I'm trying to scrape product names and prices from this site, using the following code:
class ProductSpider(scrapy.Spider):
name = 'product'
start_urls = ['https://www.bodyenfitshop.nl/']
def parse(self, response):
# follow links to different categories
for href in response.css('ol.nav-primary > li.category-node > a::attr(href)'):
# A category page currently does not list all the items belonging to that category.
# Add "?p=1" to get the list view
href = href.extract() + "?p=1"
print(href)
yield SplashRequest(href, self.parse_category, args={
'wait': 0.5
})
def parse_category(self, response):
for product in response.css('li.item'):
new_name = product.css('div.product-name > a::text').extract_first().strip()
# TODO: find better regex
new_price = float(product.css('span.price::text').re('\d+,\d+')[0].replace(",", "."))
new_url = product.css('div.product-name > a::attr(href)').extract_first().strip()
yield Product(name=new_name, price=new_price, url=new_url)
I suspect the problem is in the href that is passed to the SplashRequest, but when I printed them out they all had fully qualified URLS like these:
https://www.bodyenfitshop.nl/duursport/?p=1
All other questions on SO with regards to this error (like this or this) are solved by adding the "https" to their URL's. But I already have these. So I'm at a loss as to what is causing these.
This is one of the errors that I get (repeated multiple times)
2017-05-31 22:51:07 [scrapy.core.scraper] ERROR: Error downloading <GET https://www.

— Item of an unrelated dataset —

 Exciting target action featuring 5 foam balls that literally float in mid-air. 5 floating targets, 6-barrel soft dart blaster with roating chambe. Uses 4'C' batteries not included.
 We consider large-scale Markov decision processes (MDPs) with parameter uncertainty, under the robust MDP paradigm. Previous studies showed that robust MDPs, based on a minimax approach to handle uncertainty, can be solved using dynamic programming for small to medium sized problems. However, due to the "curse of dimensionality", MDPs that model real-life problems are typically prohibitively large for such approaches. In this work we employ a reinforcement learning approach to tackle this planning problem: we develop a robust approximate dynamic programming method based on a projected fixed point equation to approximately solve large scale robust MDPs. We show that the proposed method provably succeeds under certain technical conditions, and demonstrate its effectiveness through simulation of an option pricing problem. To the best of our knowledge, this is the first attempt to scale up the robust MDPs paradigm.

bodyenfitshop.nl/afslanken/?p=1 via https://www.bodyenfitshop.nl/afslanken/?p=1>
Traceback (most recent call last):
File "c:\program files (x86)\python\lib\site-packages\twisted\internet\defer.py", line 1301, in _inlineCallbacks
result = g.send(result)
File "c:\program files (x86)\python\lib\site-packages\scrapy\core\downloader\middleware.py", line 37, in process_request
response = yield method(request=request, spider=spider)

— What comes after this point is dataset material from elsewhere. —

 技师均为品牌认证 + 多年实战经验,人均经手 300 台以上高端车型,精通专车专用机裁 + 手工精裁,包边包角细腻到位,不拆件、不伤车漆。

File "c:\program files (x86)\python\lib\site-packages\scrapy_splash\middleware.py", line 358, in process_request
priority=request.priority + self.rescheduling_priority_adjust
File "c:\program files (x86)\python\lib\site-packages\scrapy\http\request\__init__.py", line 94, in replace
return cls(*args, **kwargs)
File "c:\program files (x86)\python\lib\site-packages\scrapy_splash\request.py", line 76, in __init__
**kwargs)
File "c:\program files (x86)\python\lib\site-packages\scrapy\http\request\__init__.py", line 25, in __init__
self._set_url(url)
File "c:\program files (x86)\python\lib\site-packages\scrapy\http\request\__init__.py", line 58, in _set_url
raise ValueError('Missing scheme in request url: %s' % self._url)
ValueError: Missing scheme in request url: render.html
The render.html is (I think) the default name for what Splash produces. I don't think I can alter that.
Any help or poke in the right direction is greatly appreciated!